Maltese Lace is a traditional craft hand made by women. Visitors can watch women sitting at their doorsteps nimbly plying the flying bobbins to turn out a pattern.



Maltese singing accompanied by guitarists has been with the Maltese nation for centuries and has always been regarded as the music of the working class. A typical Maltese quatrain is a four-line poem or stanza with each verse consisting mostly of eight syllables. The verses are half-oriented airs, something between a Sicilian ballad and the rhythmic wail of an Arabic tune. The three main types are known as spirtu pront , which is an extemporized form, long elaborate narratives known as fatt and songs in high register known as ghanja fil-gholi.



Every village in Malta celebrates the local patron saint with a major festa that lasts for a week. The churches are beautifully decorated and lit up, whilst many of the village houses and roads are festooned with garlands, banners and flags. Brass bands march and play in competition all week long, while kiosks sell ice-cream, hot dogs, burgers, kebabs, chips and peanut or almond nougat.

On Saturday nights most of the villages display a spectacular show of fireworks produced by local supporters. There is a rivalry amongst Maltese villages to have the most spectacular feast, so each town strives to have the most extravagant fireworks and the most accomplished musicians. Festival organizers collect significant funds so they can add to their accumulation of statues, flags and banners.


The festa week also features many religious services with the main procession of the patron saint being held on Sunday evenings. This lively procession has rich music, incense, confetti thrown by bystanders and flowers.

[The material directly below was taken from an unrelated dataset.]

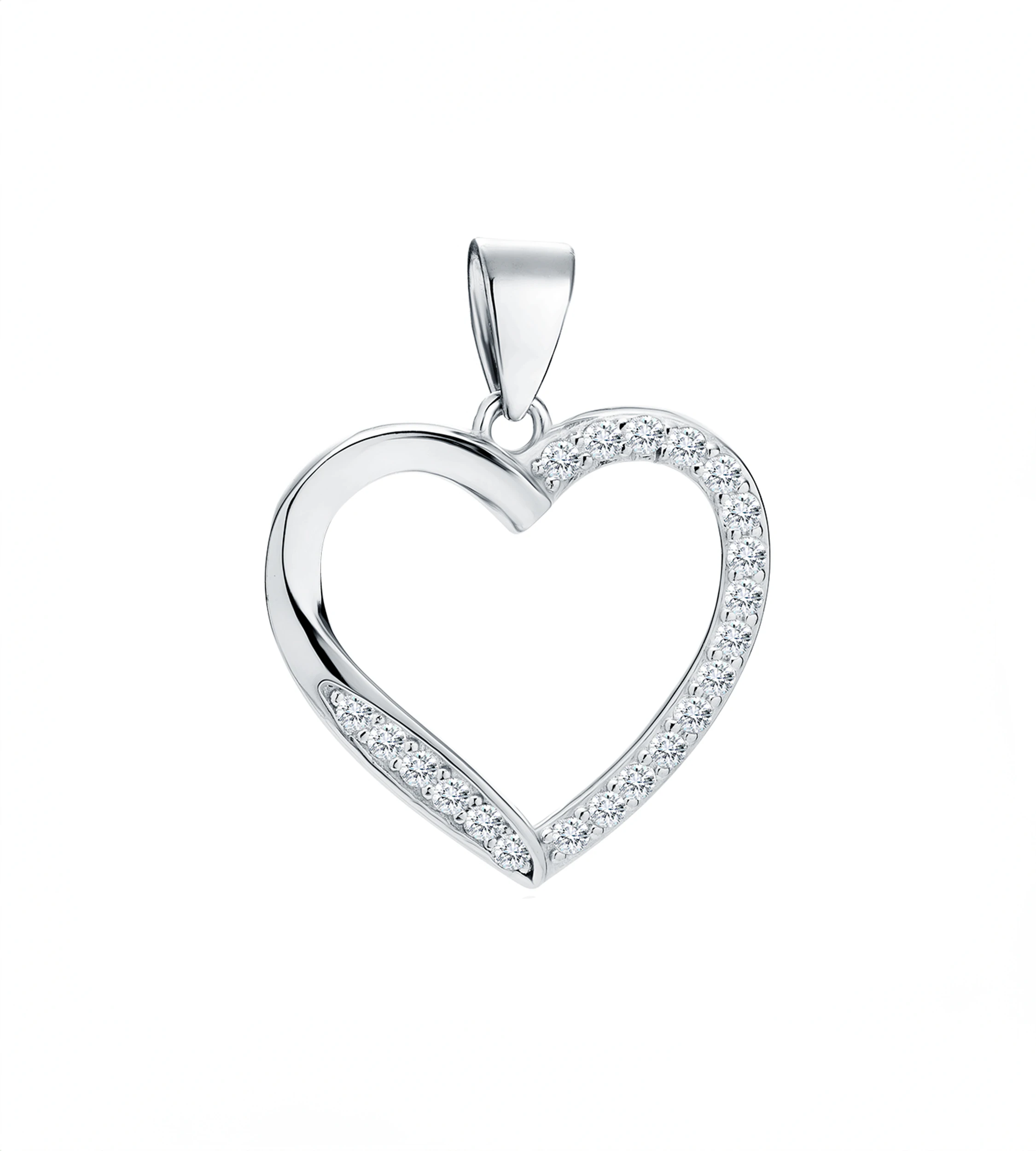 Elegancka srebrna zawieszka 925 w kształcie serca, wysadzana białymi cyrkoniami. Rodowana, uniwersalna i idealna na prezent dla bliskiej osoby.

On returning to the church the statue is welcomed with clapping, crying and singing. Inside the church the adoration of the Blessed Sacrament follows which ends the week of festivity.



Maltese pottery is one of the most ancient forms of Maltese crafts. Many remains unearthed from the Megalithic period are works of art in their own right, the most precious of all being ‘The Sleeping Lady’ found at the Hypogeum.